* MATERIAL FOR THIS TASK

Content starts

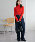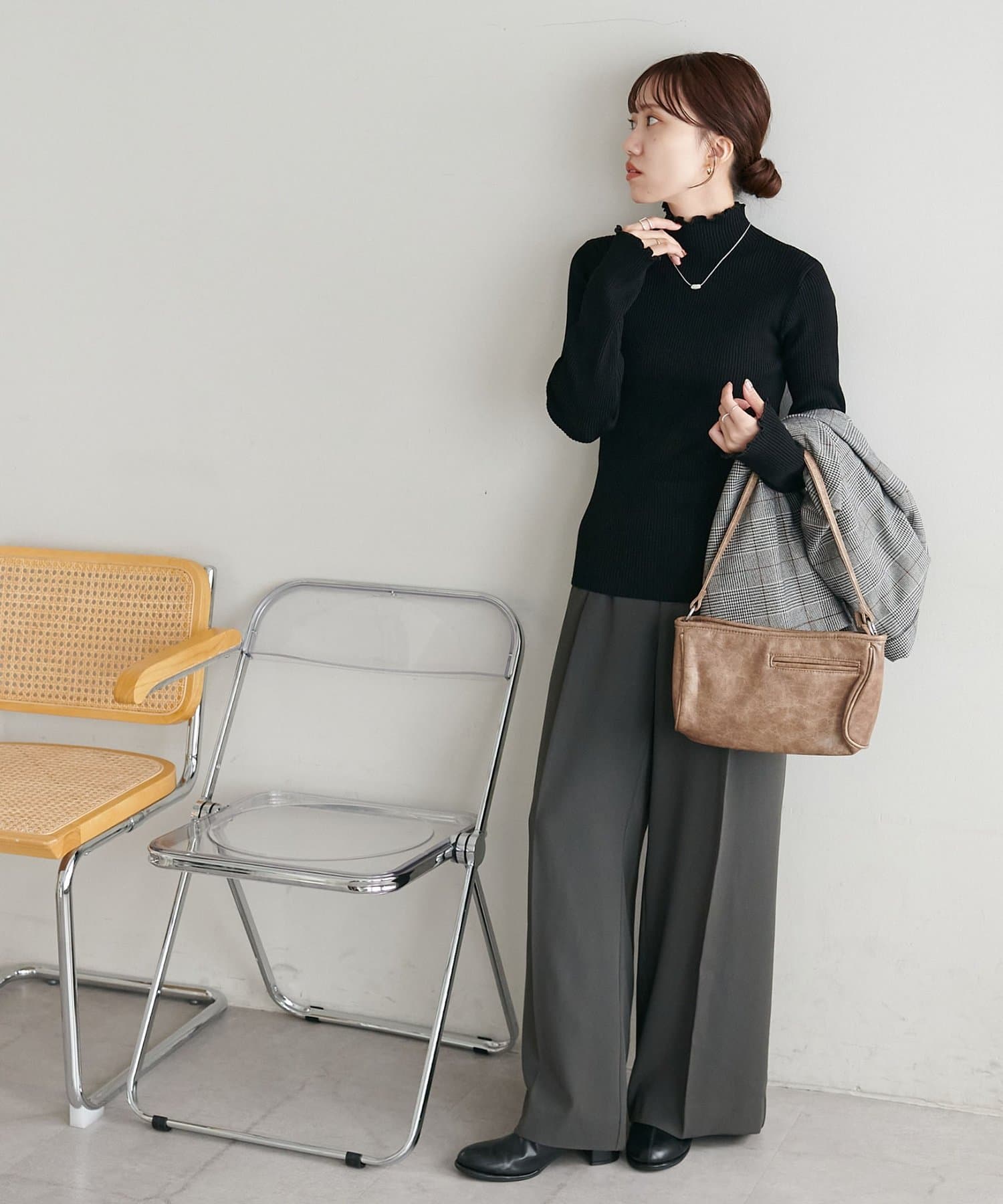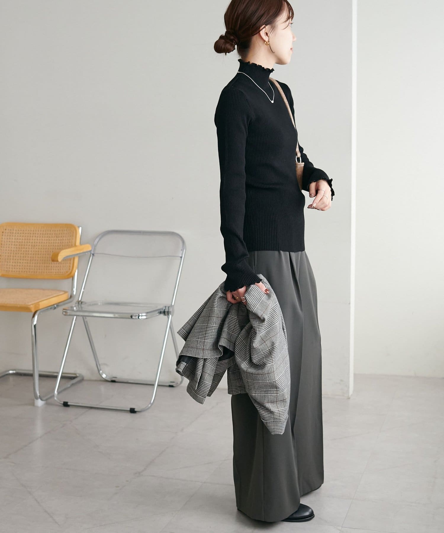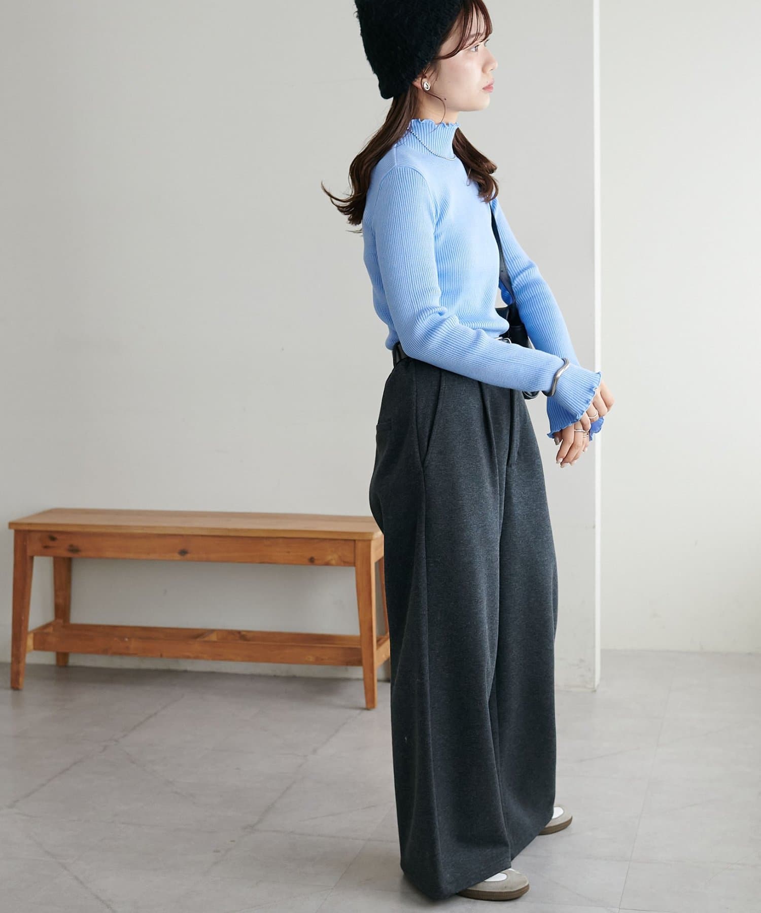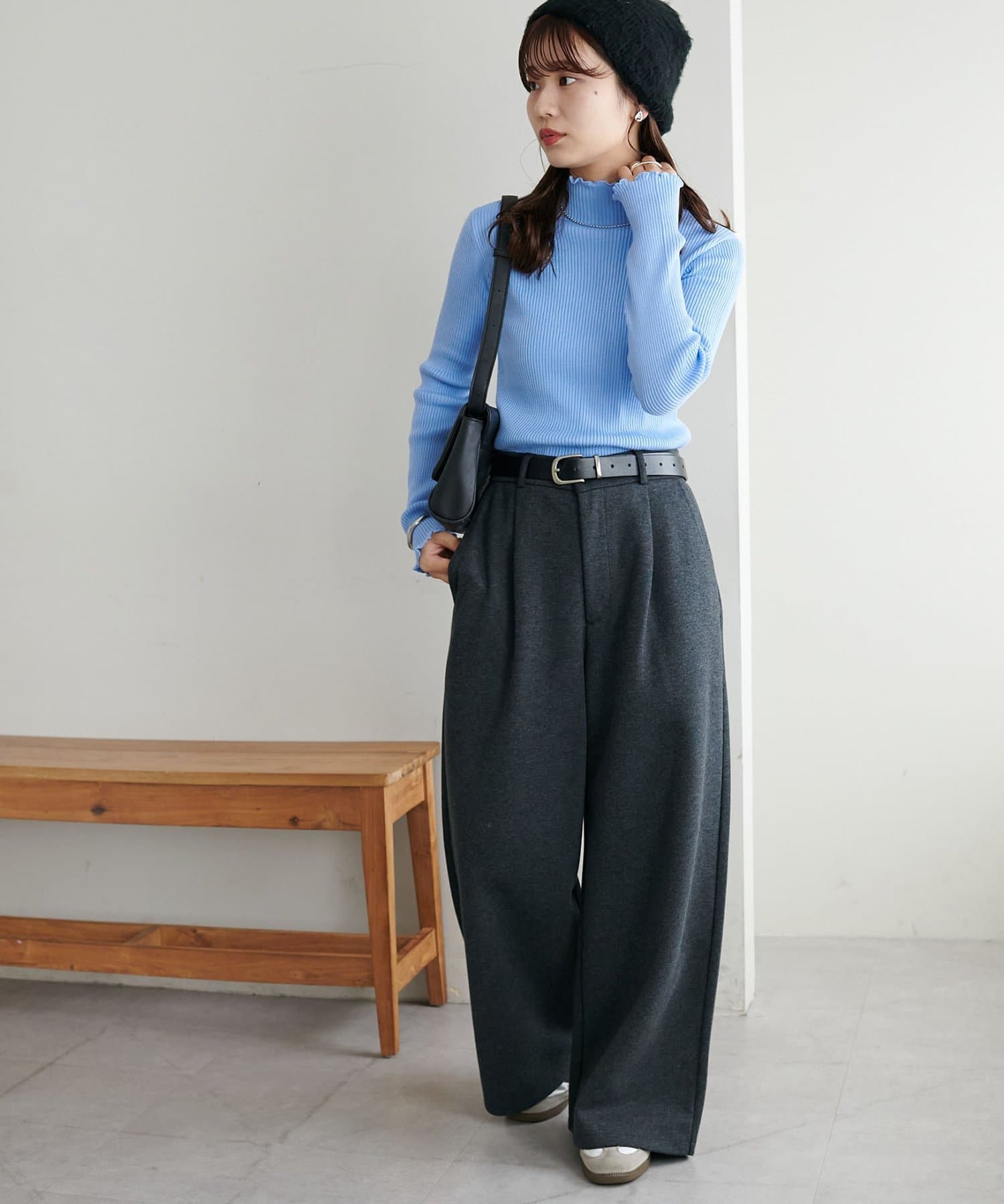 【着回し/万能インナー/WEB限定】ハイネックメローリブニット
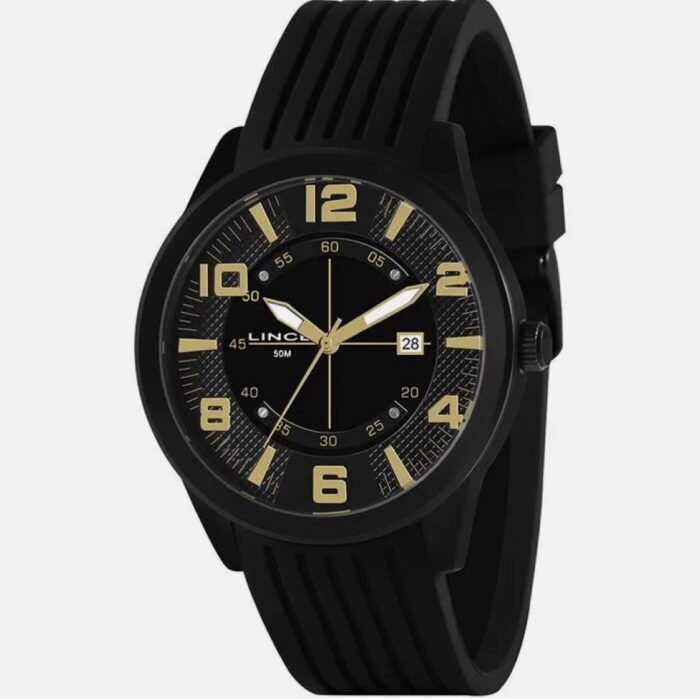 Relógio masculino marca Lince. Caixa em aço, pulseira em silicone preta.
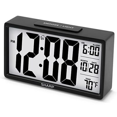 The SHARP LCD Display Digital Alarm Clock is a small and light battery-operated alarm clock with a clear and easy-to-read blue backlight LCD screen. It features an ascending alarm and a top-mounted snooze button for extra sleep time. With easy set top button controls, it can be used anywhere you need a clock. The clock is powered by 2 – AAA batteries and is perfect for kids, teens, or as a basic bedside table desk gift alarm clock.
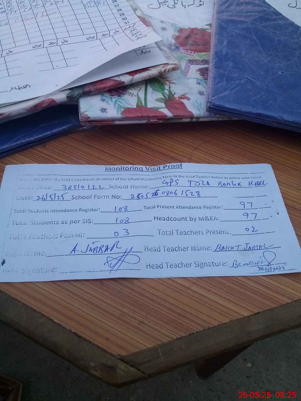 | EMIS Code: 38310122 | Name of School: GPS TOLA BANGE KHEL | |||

Content ends
Content starts

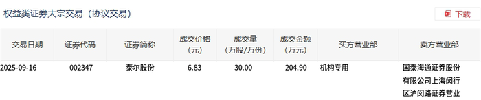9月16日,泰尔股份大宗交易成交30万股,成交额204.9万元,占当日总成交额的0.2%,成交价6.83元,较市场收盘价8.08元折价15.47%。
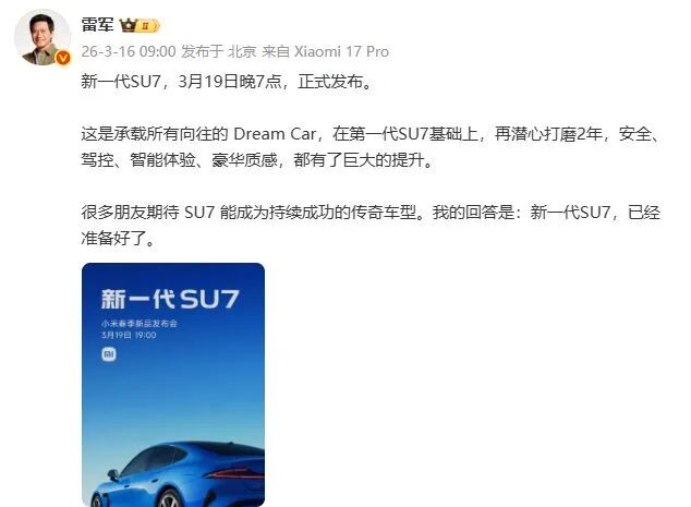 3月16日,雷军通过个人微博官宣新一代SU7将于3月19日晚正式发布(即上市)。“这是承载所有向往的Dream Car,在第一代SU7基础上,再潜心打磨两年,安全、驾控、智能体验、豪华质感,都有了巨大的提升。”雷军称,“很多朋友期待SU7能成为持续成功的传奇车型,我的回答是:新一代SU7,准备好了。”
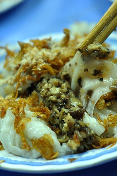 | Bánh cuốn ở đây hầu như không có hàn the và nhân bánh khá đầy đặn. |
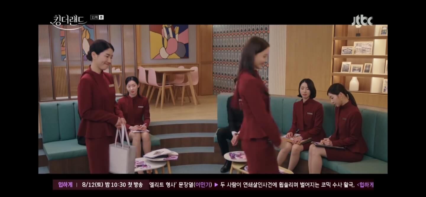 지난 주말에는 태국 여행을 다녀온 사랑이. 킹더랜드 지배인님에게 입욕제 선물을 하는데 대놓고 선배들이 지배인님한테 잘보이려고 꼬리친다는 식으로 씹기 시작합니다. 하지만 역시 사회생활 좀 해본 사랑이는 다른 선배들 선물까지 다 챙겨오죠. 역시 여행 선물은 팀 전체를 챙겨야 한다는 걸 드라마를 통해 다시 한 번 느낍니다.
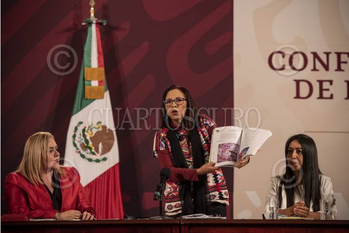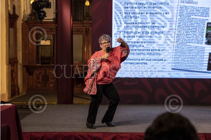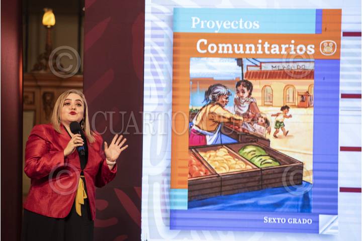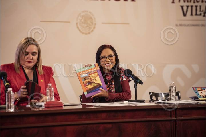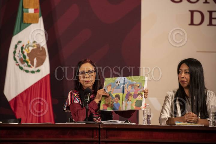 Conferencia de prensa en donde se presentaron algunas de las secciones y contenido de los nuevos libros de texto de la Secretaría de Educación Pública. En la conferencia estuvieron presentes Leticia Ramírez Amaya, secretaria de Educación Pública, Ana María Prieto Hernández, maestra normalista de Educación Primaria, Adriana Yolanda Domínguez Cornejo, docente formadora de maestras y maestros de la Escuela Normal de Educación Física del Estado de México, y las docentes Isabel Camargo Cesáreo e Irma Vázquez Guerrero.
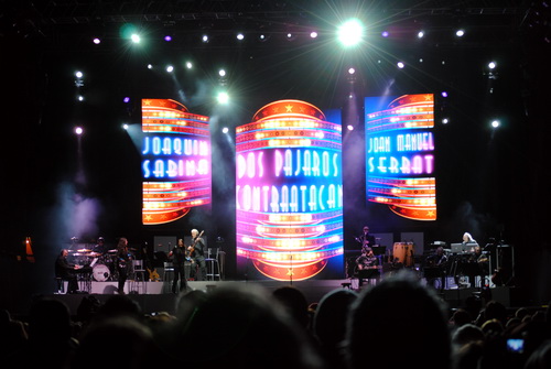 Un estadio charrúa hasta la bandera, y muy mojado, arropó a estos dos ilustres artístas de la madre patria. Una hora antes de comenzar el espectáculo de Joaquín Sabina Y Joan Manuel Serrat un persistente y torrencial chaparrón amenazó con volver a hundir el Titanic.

Content ends

* EXERCISE GOAL
Whatever pictures the records hold, omit them; give again exactly the lines from the one containing "Conferencia de prensa" through the one containing "Un estadio charrúa".

* RESPONSE FOR THIS EXERCISE
 Conferencia de prensa en donde se presentaron algunas de las secciones y contenido de los nuevos libros de texto de la Secretaría de Educación Pública. En la conferencia estuvieron presentes Leticia Ramírez Amaya, secretaria de Educación Pública, Ana María Prieto Hernández, maestra normalista de Educación Primaria, Adriana Yolanda Domínguez Cornejo, docente formadora de maestras y maestros de la Escuela Normal de Educación Física del Estado de México, y las docentes Isabel Camargo Cesáreo e Irma Vázquez Guerrero.
 Un estadio charrúa hasta la bandera, y muy mojado, arropó a estos dos ilustres artístas de la madre patria. Una hora antes de comenzar el espectáculo de Joaquín Sabina Y Joan Manuel Serrat un persistente y torrencial chaparrón amenazó con volver a hundir el Titanic.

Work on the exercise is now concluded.